In Figure 4, you see a break in the pairs B and A as well as C and A, whereas there is no break in the pair C and B in the year 1940. Thus probably the break has happened in station A. Less likely, but possible, is that there were two breaks of about the same size in both B and C in 1940. In a real case, one would have much more stations (and thus pairs) to infer the right station (as well as break date and size) with more certainty. Having three stations is the bare minimum for homogenisation.

By comparing pairs you take out a lot of weather noise and also the complicated regional climate signal. Using difference time series, you can compute the statistical significance of the break more reliably and also estimate the date and the size of the breaks more accurately. Using difference time series for homogenisation is called relative homogenisation (Conrad and Pollak, 1950).

As you can see in Figure 1, station B is 2 °C warmer than A (and station C, 1 °C), but for homogenisation this is inconsequential. B is 2 °C warmer before and after the break. This does not influence the computation of the size of the break on the difference time series. “Sceptics” often claim that a higher temperature at a neighbouring station will pollute the candidate station. This is clearly not the case.

The strength of homogenisation as a statistical method is limited, you will not detect many small jumps. What is a small jump depends on the size of the jump relative to the noise of the difference time series. If you have a very dense network with many stations, you will be able to find more breaks as in a sparse network. Generally, national datasets are thus better homogenised as global ones. National weather services have access to more climate data, but also to more metadata (data about the data, such as the dates of many of the changes), if only because this is written in the native language. Meta data is especially helpful in determining the most likely date for a break. The first guess from statistical homogenisation can help you selecting information sources; for example sometimes even the local newspapers are studied, but you cannot read all newspapers printed in the last century. Thus the current trend to build global datasets with raw data (ISTI & BEST) and process (homogenise) them with open-source algorithms will lead to more transparency, but may also lead to a worse quality as using data homogenised by national weather services.

Another limitation of relative homogenisation is that you cannot detect jumps that occur in all stations at the same time. For example, Germany used to use three fixed hour measurements to compute the daily means (Mannheimer Stunden). In April 2004 the German Weather Service switched to computing the mean from 24 hourly values. Fortunately, such inhomogeneities are well documented. Furthermore, you can detect them by comparing multiple networks, for instance, the professional and the volunteer network, or networks of multiple organisation or countries.

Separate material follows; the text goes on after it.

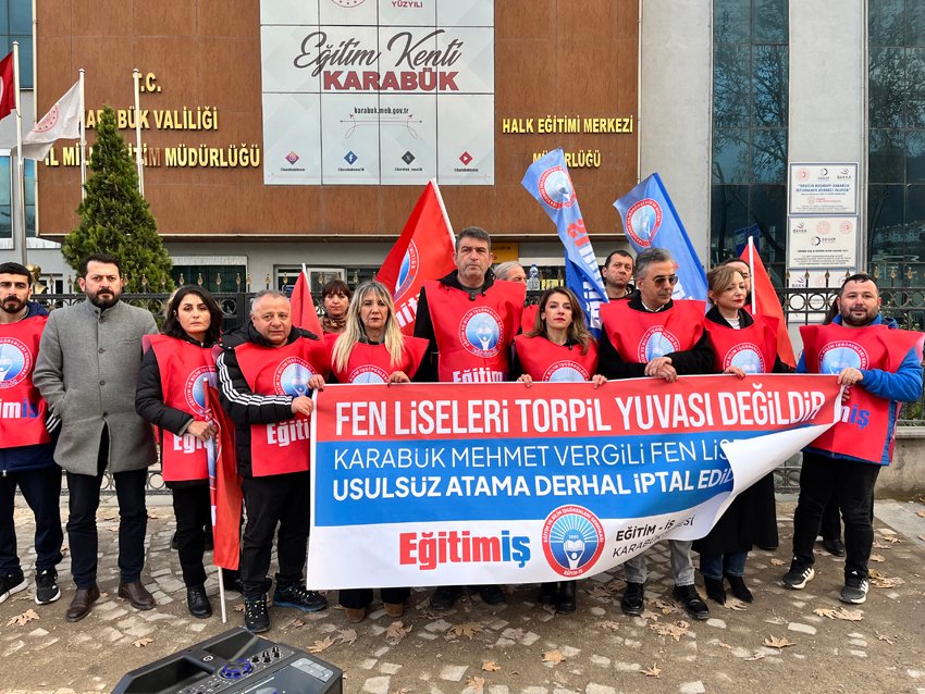 Eğitim-İş Karabük Şube Başkanı Zeki Çelik, fen liselerinde öğretmen atamalarının özel koşullara bağlı olduğunu hatırlatarak, “Fen liseleri, alan yeterliliği ve objektif ölçütleri zorunlu kılan seçkin eğitim kurumlarıdır. Mehmet Vergili Fen Lisesi, Karabük’ün gururu bir okuldur. Ancak yapılan bu atama, usul ve esaslar hiçe sayılarak tepeden inme bir biçimde gerçekleştirilmiştir. Bu bir skandaldır, büyük bir haksızlıktır” dedi.

Using pairs you can also detect trends that occur in single stations; see Figure 5.

Figure 5. Three station pairs with two local trends. In station A there is a trend between 1890 and 1940; in station B there is a trend between 1950 and 1980.

In the beginning of the period, before 1940, the pair C-B is flat, that is, this pair shows no inhomogeneities. However, in the pairs B-A as well as C-A, you can see a slight trend. This trend is thus likely because of station A. In the second half of the record, the pair C-A is unperturbed, but the pairs B-A and C-B show a strong short trend, which is likely due to station B. In station A, the warming continues after the end of the trend, this could represent a station in a city that experiences an increase in the Urban Heat Island effect (UHI). The trend in station B ends with a jump, which could be because the station was relocated to a nearby airport. Or the trend could have been due to growing vegetation, which was cut at the end of the period.

It is often hard to distinguish between a local trend and (especially multiple) breaks. On the other hand, most homogenisation algorithms correct trends by inserting multiple breaks with the same sign. Numerical blind validation of statistical homogenisation algorithms suggest that this does not make much difference.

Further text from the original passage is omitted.